Define a function to output a chart that shows the scores for the various trained models.

In [None]:
def leaderboard_chart(leaderboard, title, subtitle, color_scheme):
    '''
    Arguments:
        title: title of the chart in string format
        subtitle: subtitle of the chart in string format
        leaderboard: predictor leaderboard object
        color_scheme: Altair color scheme
    
    '''
    
    # create base chart
    base = alt.Chart(leaderboard).mark_bar(size=10).encode(
        x=alt.X('model:N', axis=alt.Axis(title='Model'), sort='-y'),
        y=alt.Y('score_val:Q', axis=alt.Axis(title='ROC and AUC Score', format=",.2f"), scale=alt.Scale(domain=(0,1.0)))
    )

    # apply color to bars only
    bars = base.mark_bar().encode(
        color=alt.Color('score_val:Q', legend=None, scale=alt.Scale(scheme=color_scheme))
    )

    # lay text over base chart
    text = base.mark_text(
        align='center',
        baseline='middle',
        dy=-10  # Nudges text to right so it doesn't appear on top of the bar
    ).encode(
        text=alt.Text('score_val:Q', format=",.3f")
    )

    # combine all charts
    combined_chart = (bars + text).properties(width=700, title={'text':[title],
                                               'subtitle':[subtitle,''],
                                               'subtitleFont':'Segoe UI',
                                               'subtitleFontSize':14
                                              }).configure_axis(
        grid=False, # remove gridlines
    ).configure_title(
        anchor='start',
        fontSize=20
    )
    
    return combined_chart

In [None]:
leaderboard_chart(baseline_leaderboard, 'Model 1 Performance', 'Training done on 50% of data using AutoGluon and no hyper parameter optimization','tealblues')

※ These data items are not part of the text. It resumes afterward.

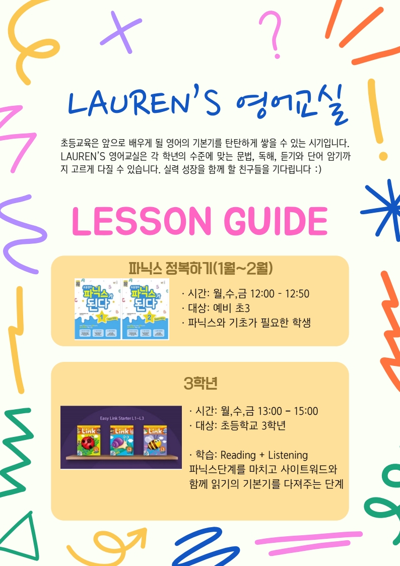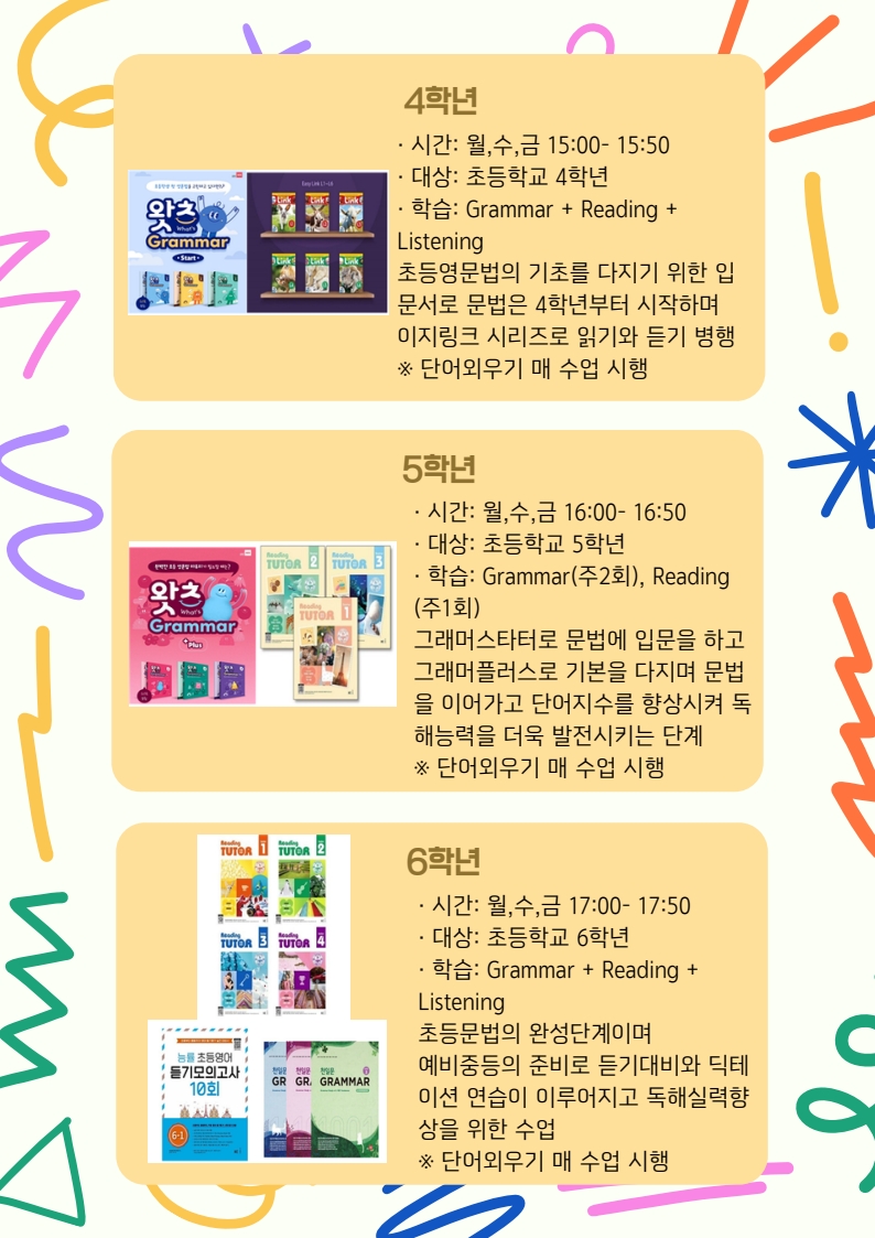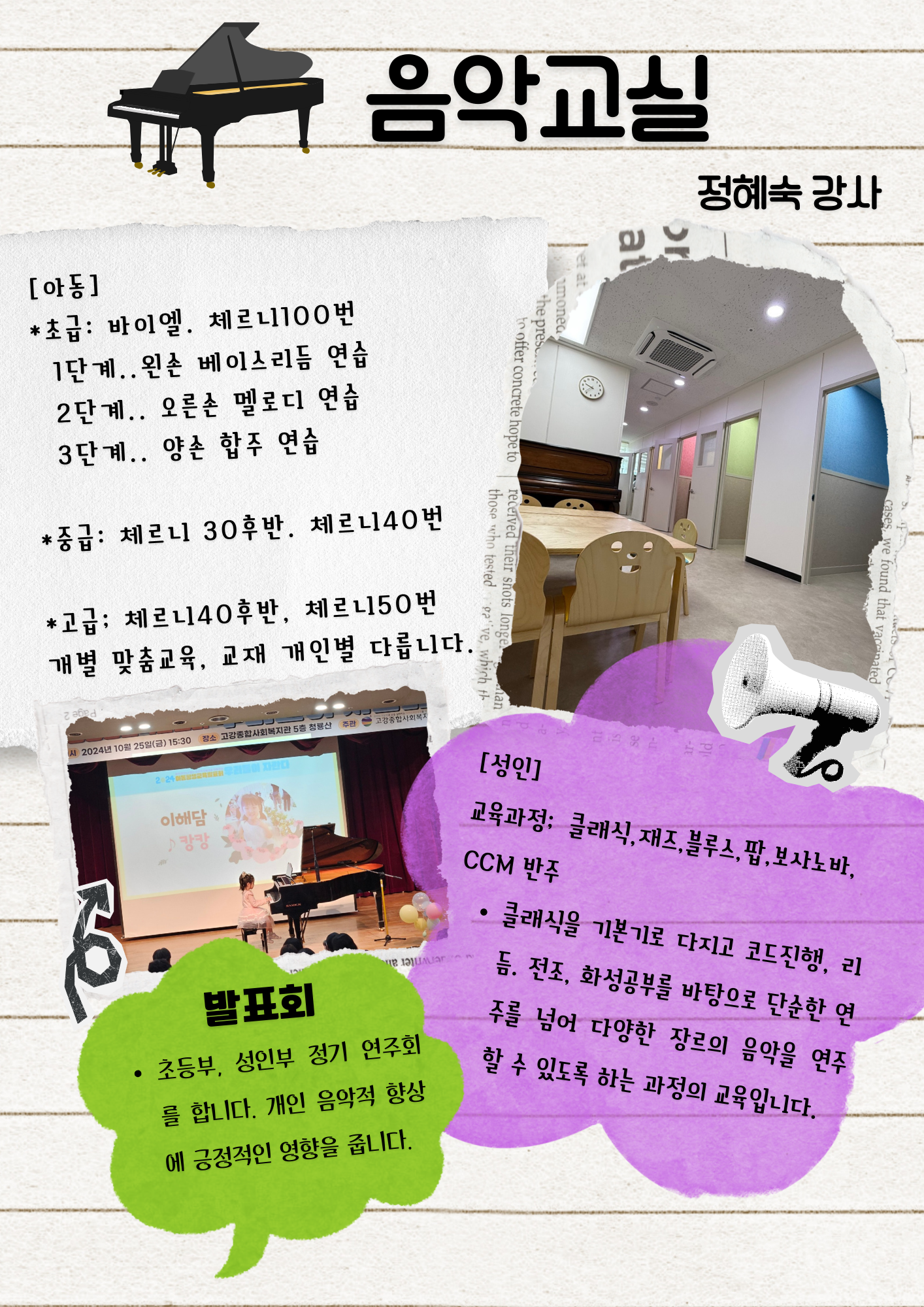 음악교실(피아노), 미술교실, 영어교실, 유레카교실(학습)
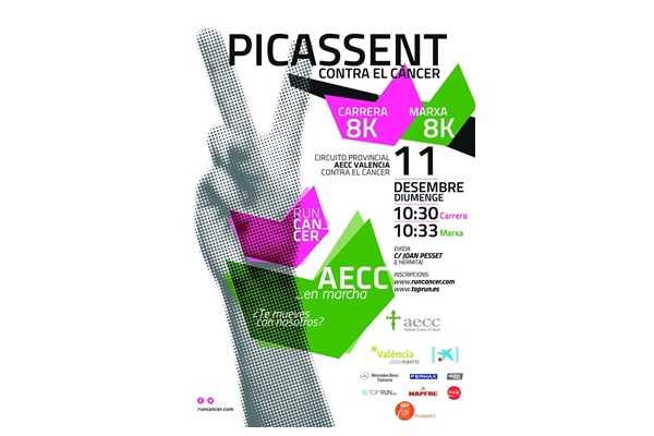 El pròxim 11 de desembre, Picassent celebra la IV edició de la carrera contra el càncer, un recorregut de 8 kilòmetres de solidaritat i lluita contra esta malaltia. Les inscripcions, a un preu de 5 euros, es realitzaran via on line a través de la plataforma www.runcancer.com o www.toprun.es. Així també, els dies 1, 2, 7 i 9 de desembre, els membres de la Junta Local contra el Cáncer de Picassent, estaran a la seu social del Musical, C/ Nou nº 17, de 17 a 19:30 hores per realitzar inscripcions.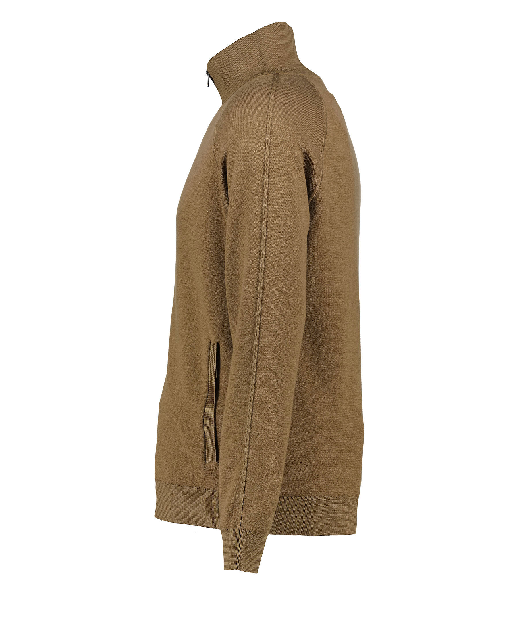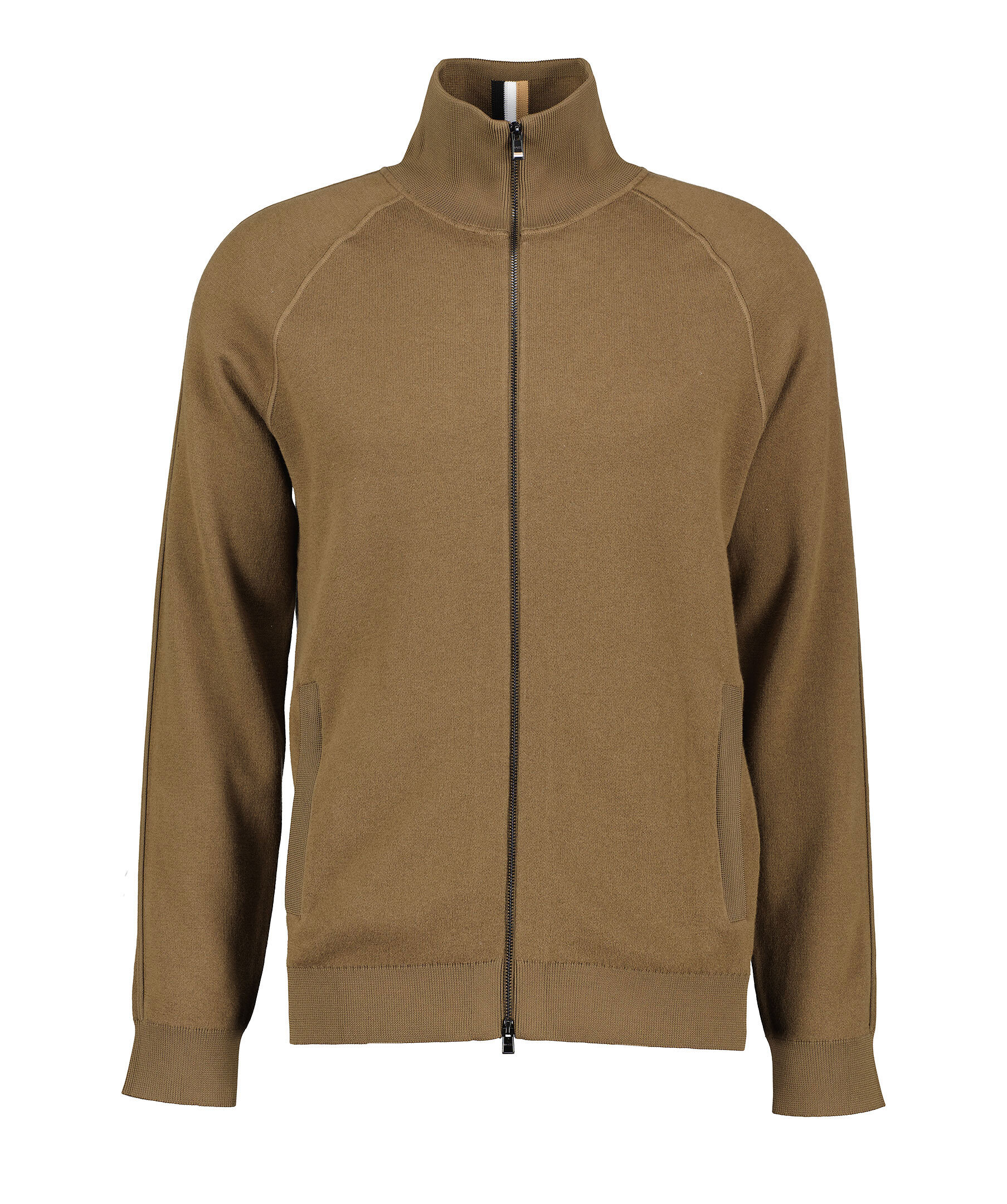 Brun grön cardigan från Boss black. Tröjan har tvåvägs dragkedja, sidofickor med dold dragkedja, ribbad krage samt mudd vid ärm- och tröjslut. Tillverkad av en bomullsblandning.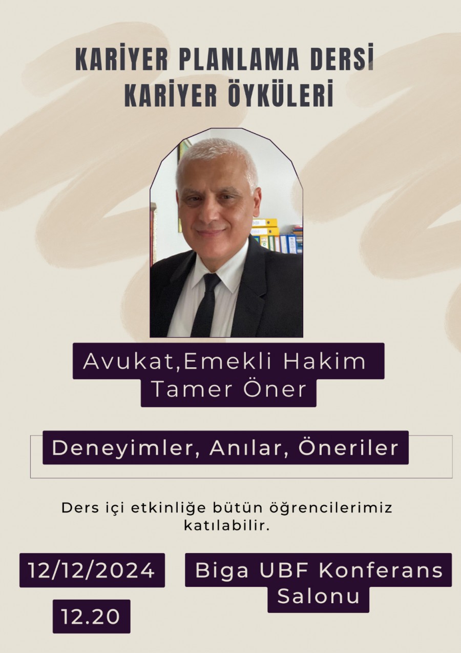 12 Aralık 2024 Perşembe günü Kariyer Planma dersi kapsamında Avukat, Emekli Hakim Tamer Öner tarafından düzenlenecek olan “Kariyer Öyküleri-Deneyimler, Anılar, Öneriler” semineri tüm öğrencilerimiz davetlidir.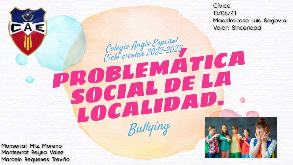Enterapia.(2021).Problemas sociales: ¿Qué son y cómo surgen?.https://enterapia.co/blog/bienestar/que-son-los-problemas-sociales Sevilla,M y Sanchez,M. (2022).Bullying.https://cuidateplus.marca.com/enfermedades/psicologicas/bullying.html LATAM Global School.(2022).BULLYING: QUÉ ES, CAUSAS Y CONSECUENCIAS. https://www.latamglobalschool.com/blog/bullying-que-es-causas-y-consecuencias/ Universidad Internacional de Valencia.(2014).Bullying: consecuencias en la víctima y el agresor. https://www.universidadviu.com/co/actualidad/nuestros-expertos/bullying-consecuencias-en-la-victima-y-el-agresor Secretaria de Educación Pública.(2017).PROTOCOLO PARA LA PREVENCIÓN, DETECCIÓN Y ACTUACIÓN EN CASOS DE ABUSO, ACOSO Y MALTRATO EN LAS ESCUELAS PÚBLICAS DE EDUCACIÓN BÁSICA.https://www.gob.mx/cms/uploads/attachment/file/295965/Protocolo_Queretaro.pdf

#### 3.1.2 Predict probabilities on training set

In [None]:
# use .predict method to create predictions on test set
y_pred = predictor.predict_proba(X_test)
# print("Predictions:  \n", y_pred)

#### 3.1.3 Evaluate predictions against ground truth using test set

In [None]:
perf_baseline_model = predictor.evaluate_predictions(y_true=y_test, y_pred=y_pred, auxiliary_metrics=True)
perf_baseline_model

#### 3.1.4 Generate predictions on the entire dataset and upload to S3
Let's start by creating a function that returns predictions for `df_all` which represents the entire dataset and years 2015 to 2020.  The year 2014 was dropped during preprocessing.

In [None]:
def predictions_df(model_name, prediction_values):
    '''
    Arguments:
        model_name:  name of the model
        prediction_values: predictions generated using .predict_proba or .predict
        
    Returns:
        Dataframe with predictions to be used for model scoring
    
    '''
    
    
    df['model_name'] = model_name
    df['prediction'] = prediction_values[1]
    
    df_predictions = df[['hex_id', 'collision_date', 'collision_hour', 'ttv_split', 'prediction', 'model_name']]
    
    return df_predictions

In [None]:
predictions = predictor.predict_proba(X_all)

In [None]:
df_output = predictions_df('AutoGluon_Baseline', predictions)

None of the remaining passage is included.